# Description of the task
Beginning with the line that holds "一位刚从中国大陆出来的男士看" and ending with the last line of the entries, please output each line exactly, apart from any pictures.

# Record set
*** Begin section ***

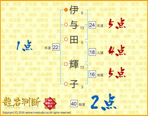 伊与田輝子さんの総運は40画の2点!
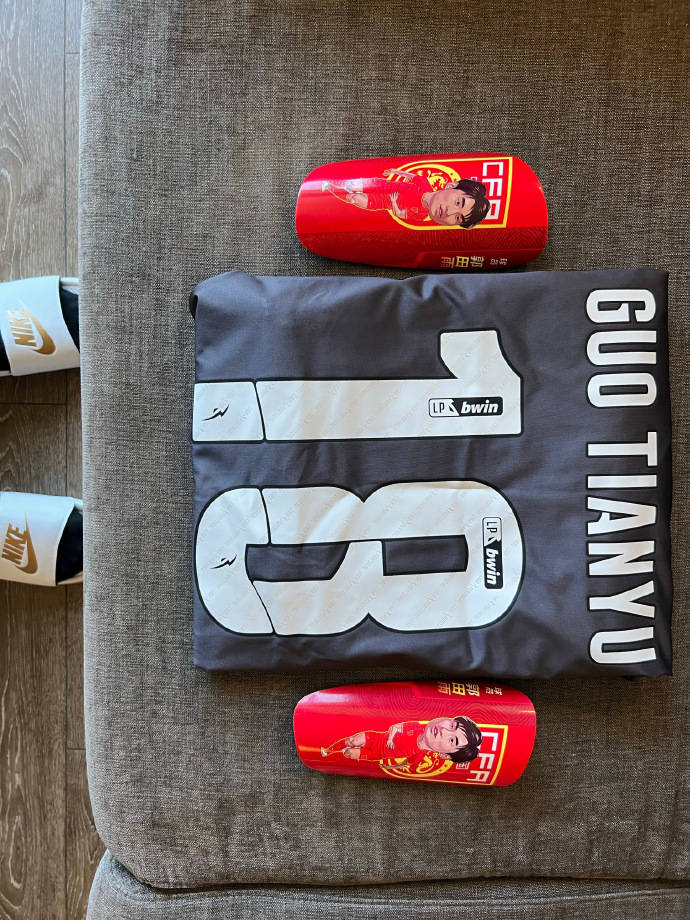北京时间4月5日音讯,昨晚,目前租赁在葡超维泽拉的山东泰山队前锋郭田雨在个人交际媒体上晒出自己的竞赛装备,以及在葡萄牙的日子日常。
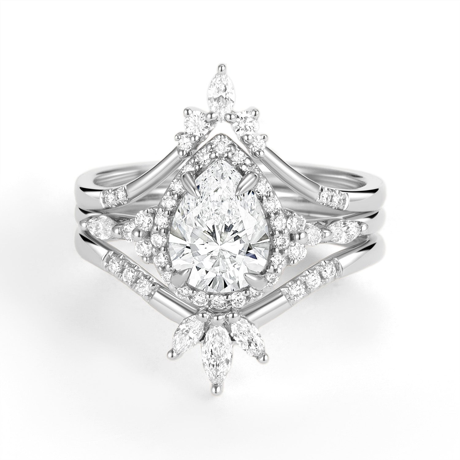 Halo Pear Lab Grown Diamond Engagement Ring Sets 3pcs
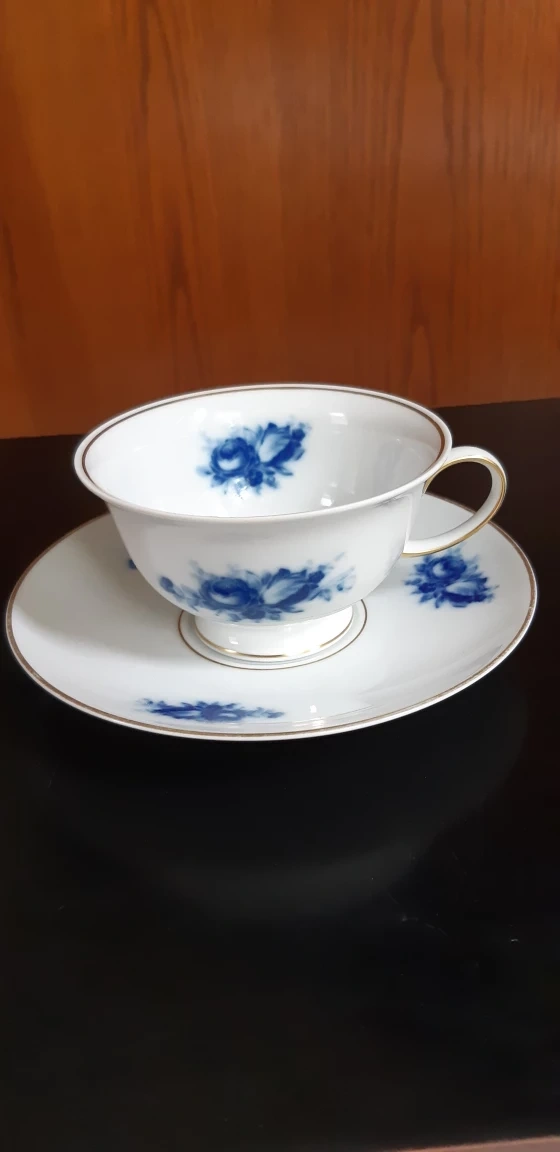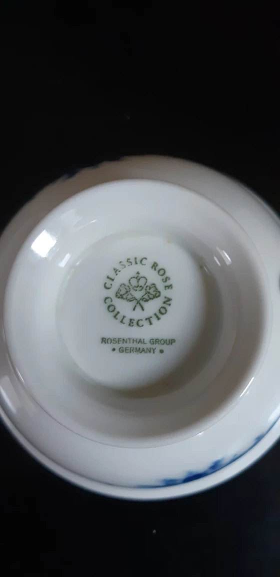 848Lovely Rosenthal cup and saucer set from the Classic Rose Collection White with a delicate blue rose pattern and gold trim Perfect for adding a touch of elegance to your tea time!
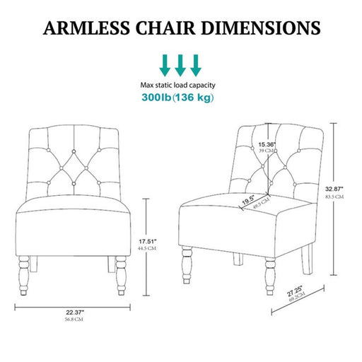 Timeless Design: Classic button-tufting and armless silhouette for vintage appeal. Elegant Legs: Hand-carved turned birch legs with a sophisticate...
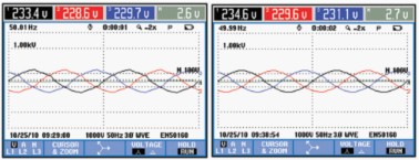 1)三相電壓波形前后對(duì)比,見(jiàn)圖2、圖3.
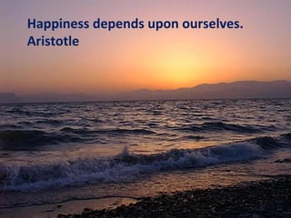 This document contains a collection of quotes about happiness from various notable figures such as Aristotle, Erasmus, Woody Allen, Gandhi, and Epictetus. Some of the key ideas expressed are:
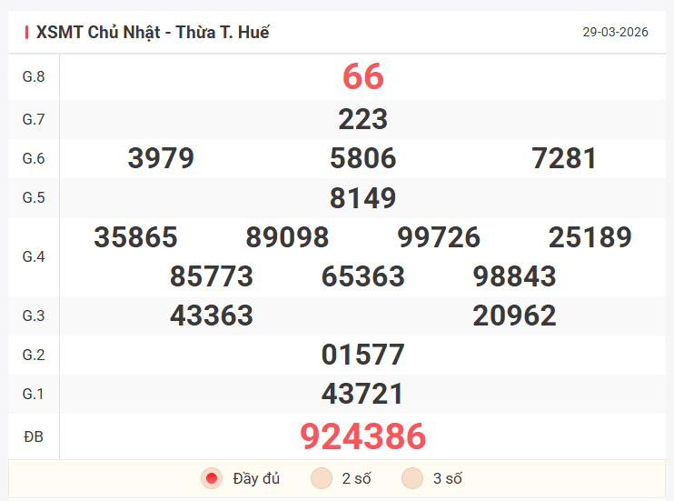 Cùng xem lại bảng kết quả XSMT kỳ trước 29/3/2026:
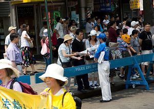 一位刚从中国大陆出来的男士看到法轮功的游行及集会,他说:“我看到了法轮功学员的善,心里很感动。”
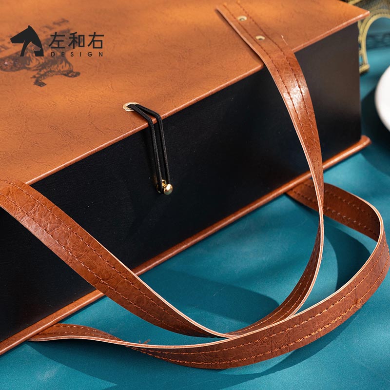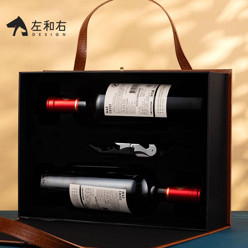 皮盒葡萄酒包装 高端红酒盒双支装 盒空盒 礼盒新款 左和右红酒包装
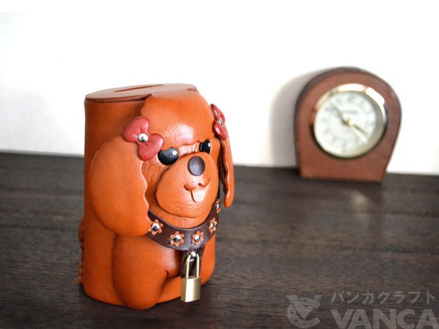 貯金箱トイプードル 本革/レザー/VANCA/バンカクラフト革物語 25103
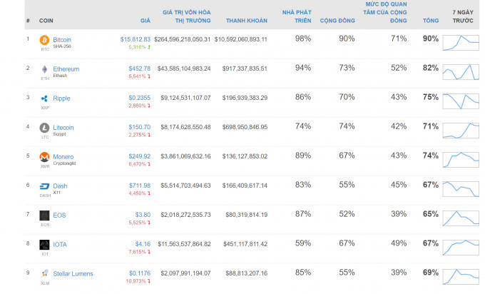 Đầu giờ sáng 11/12, Bitcoin đang được giao dịch ở mức 15.576 USD tăng 5,28% trong 24 giờ vừa qua. Số cung Bitcoin hiện tại đang là 16.733.050 tương ứng mức vốn hóa đạt 260 tỷ USD. So với đầu tuần trước, giá Bitcoin đã tăng 36%.

*** End section ***

# Reply to the task
 一位刚从中国大陆出来的男士看到法轮功的游行及集会,他说:“我看到了法轮功学员的善,心里很感动。”
 皮盒葡萄酒包装 高端红酒盒双支装 盒空盒 礼盒新款 左和右红酒包装
 貯金箱トイプードル 本革/レザー/VANCA/バンカクラフト革物語 25103
 Đầu giờ sáng 11/12, Bitcoin đang được giao dịch ở mức 15.576 USD tăng 5,28% trong 24 giờ vừa qua. Số cung Bitcoin hiện tại đang là 16.733.050 tương ứng mức vốn hóa đạt 260 tỷ USD. So với đầu tuần trước, giá Bitcoin đã tăng 36%.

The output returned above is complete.